**Working data**
- - -

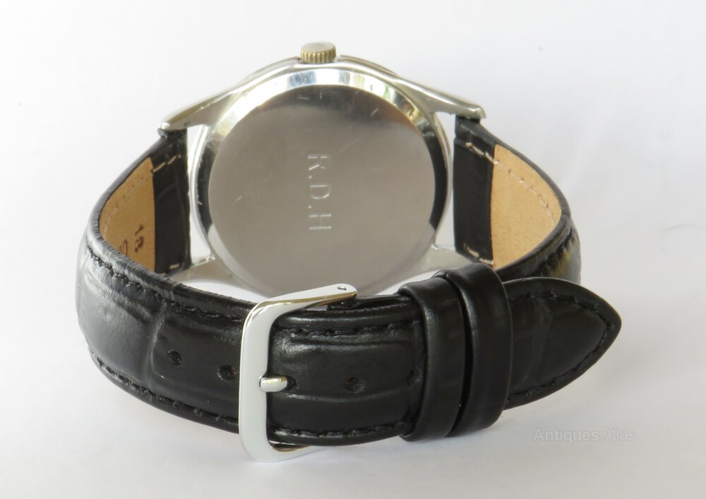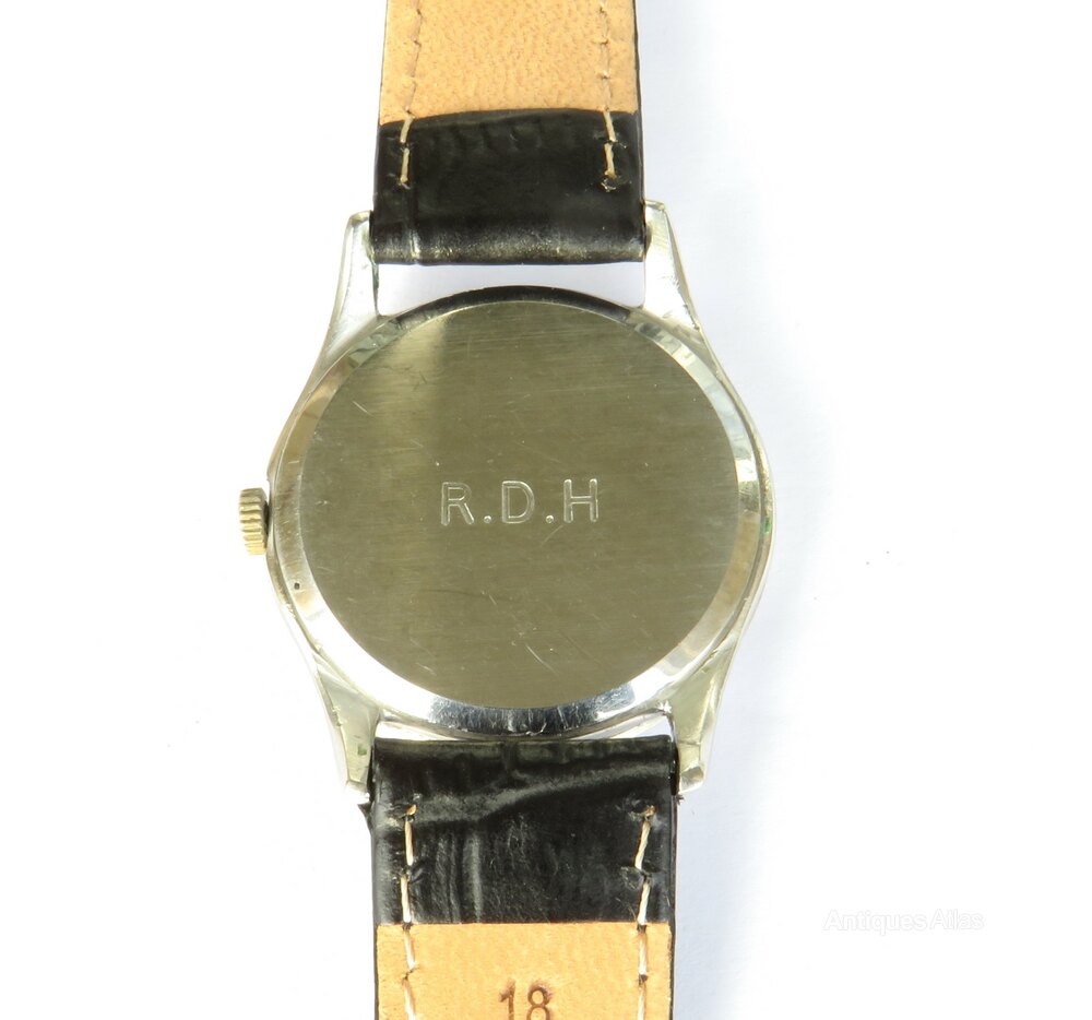 The watch measures 33mm diameter excluding the winding crown and the lugs. The case is stainless steel and it is in good condition. The back of the watch has a previous owner’s initials, RDH.
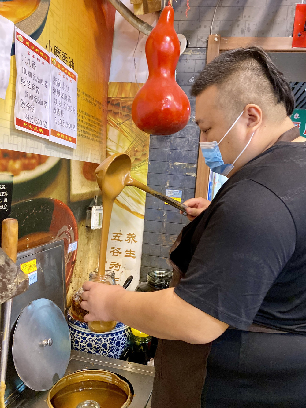 网上经常有这家店供应二八酱排大队的信息。八成花生酱和两成芝麻酱混合而成,有装好瓶的,也可以论斤称重购买,还有零打的黑芝麻酱,黄酱和香油。这些北京人日常使用的食材物美价廉,大受欢迎。
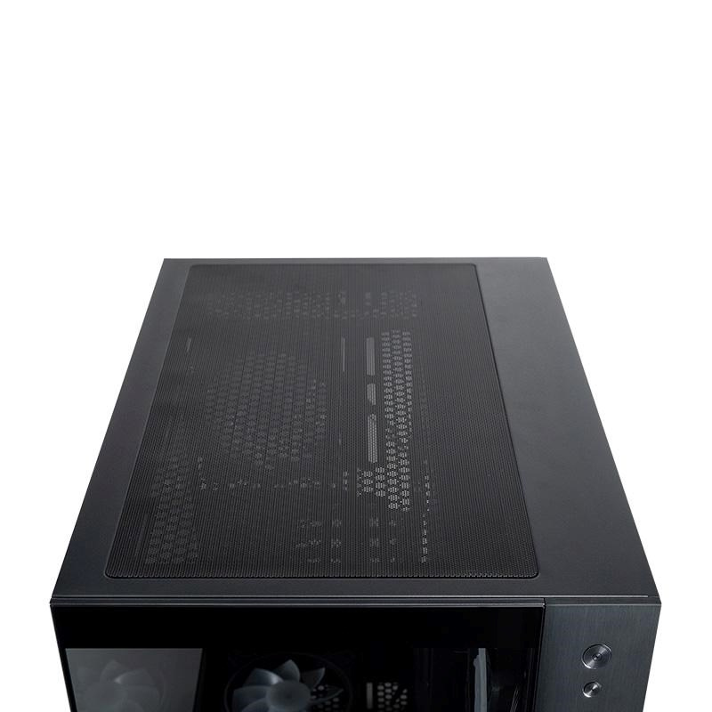 CHIEFTEC Visio má panely z tvrdeného skla na ľavej aj prednej strane a dvojkomorové usporiadanie pre najnovšie základné dosky so zadným pripojením (kompatibilné s ASUS BTF a MSI Project Zero). Táto konštrukcia zjednodušuje správu káblov a zaisťuje jasný výhľad do interiéru a nerušené prúdenie vzduchu.
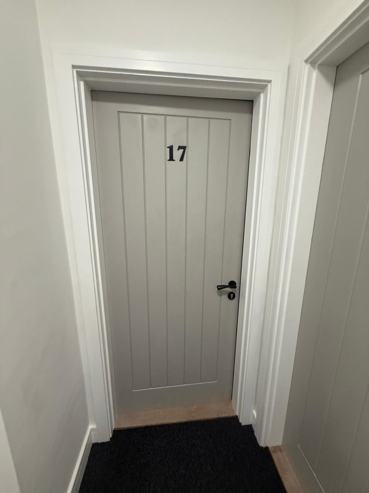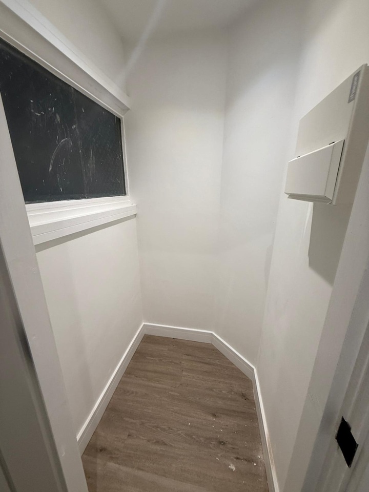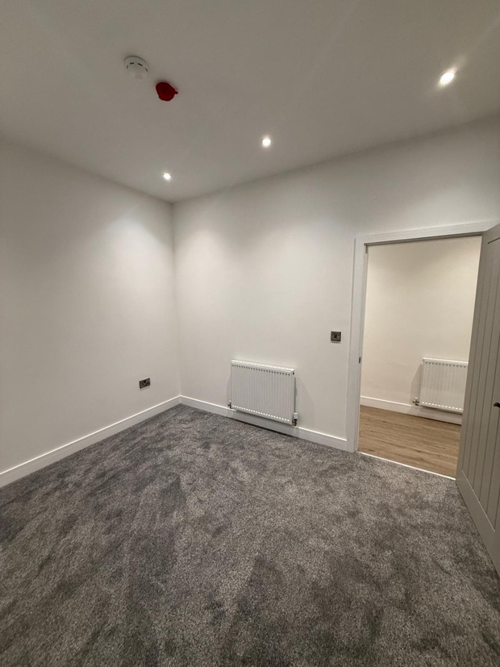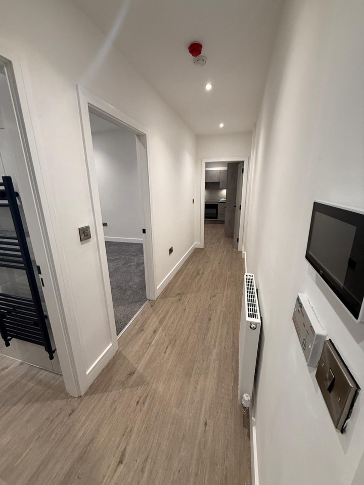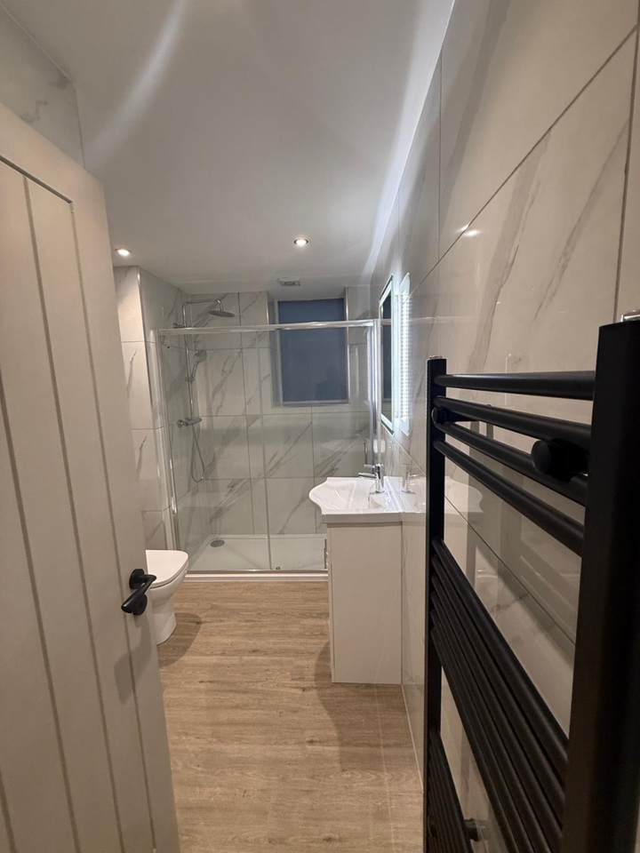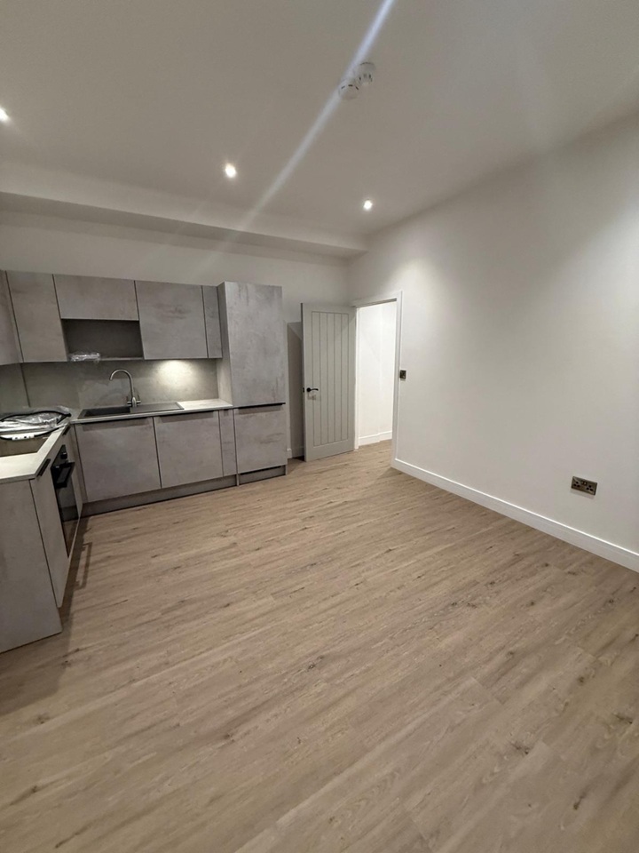 From the moment you enter, you are greeted by a bright, clean aesthetic, with stylish wood-effect flooring running through the hallway and into the open-plan living space. The brand-new kitchen is a contemporary centerpiece, featuring sleek, concrete-effect cabinetry and integrated appliances, all set against fresh white walls and illuminated by modern recessed spotlights.
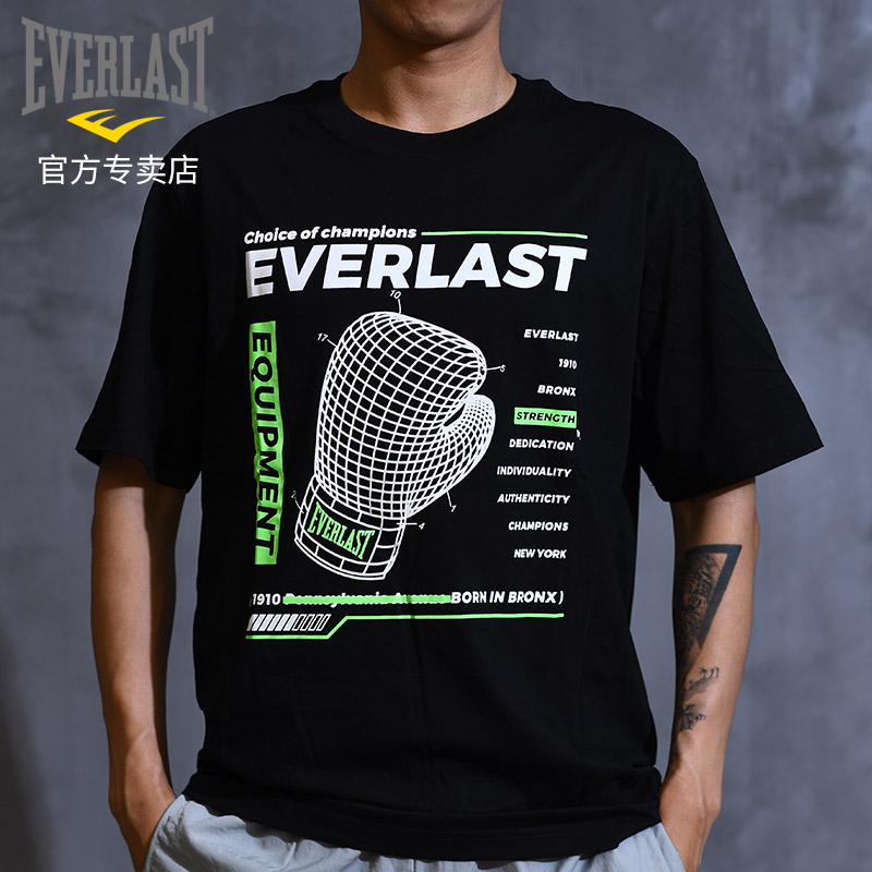 EVERLAST boxing sports T-shirt men's running cotton short-sleeved loose basketball fitness training full printed logo

- - -

**Directions for this task**
Copy the data exactly. Any picture it contains is to be omitted.

**Written reply**
 The watch measures 33mm diameter excluding the winding crown and the lugs. The case is stainless steel and it is in good condition. The back of the watch has a previous owner’s initials, RDH.
 网上经常有这家店供应二八酱排大队的信息。八成花生酱和两成芝麻酱混合而成,有装好瓶的,也可以论斤称重购买,还有零打的黑芝麻酱,黄酱和香油。这些北京人日常使用的食材物美价廉,大受欢迎。
 CHIEFTEC Visio má panely z tvrdeného skla na ľavej aj prednej strane a dvojkomorové usporiadanie pre najnovšie základné dosky so zadným pripojením (kompatibilné s ASUS BTF a MSI Project Zero). Táto konštrukcia zjednodušuje správu káblov a zaisťuje jasný výhľad do interiéru a nerušené prúdenie vzduchu.
 From the moment you enter, you are greeted by a bright, clean aesthetic, with stylish wood-effect flooring running through the hallway and into the open-plan living space. The brand-new kitchen is a contemporary centerpiece, featuring sleek, concrete-effect cabinetry and integrated appliances, all set against fresh white walls and illuminated by modern recessed spotlights.
 EVERLAST boxing sports T-shirt men's running cotton short-sleeved loose basketball fitness training full printed logo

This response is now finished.